Inishmurray ( or Inis Muireadheach meaning 'Muireadheach's island') is an uninhabited island situated 7 km off the coast of County Sligo, Ireland.

== Geography ==
The island, which is approximately 3.75 km long and 0.75 km wide, is 0.9 km2 in area. It is 7 km from the coast of County Sligo within Donegal Bay.

== Etymology ==
Inishmurray may be named after the early saint, Muiredach mac Echdach (fl. early 6th century) of Killala.

== History ==
There are remains of an early Irish monastic settlement. Laisrén (Saint Molaise) Mac Decláin reputedly founded a monastery here in the 6th century.
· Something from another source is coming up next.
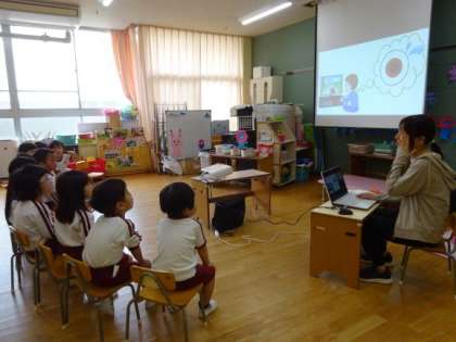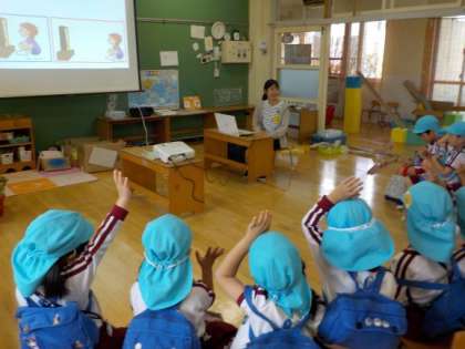 目について保健指導をしました。目を大切にする方法を2つ知らせました。画面からは「前をならえ3人分」くらい離れて見ること、見る時間はおうちの人と相談して決めることを知らせました。

He was confessor of Saint Columba (Colmcille) after the Battle of Cúl Dreimhne on the mainland nearby. His feast day is 12 August.

The island's ecclesiastical settlement was attacked in 795 and again in 807 by the Vikings, and eventually the monks abandoned the island and it remained uninhabited until the first secular settlement, probably in the 12th century.

===Monastery complex===
The monastery's enclosure wall reaches 4.5 m in height at its highest point and is up to 3 m thick in places. The site contains various ecclesiastical buildings including enclosures, a stone-roofed oratory, two churches, a clochán, a large beehive-shaped cell, a holy well and other remains including cross slabs suggesting foreign influences. The whole complex is composed of what is probably local sandstone rubble.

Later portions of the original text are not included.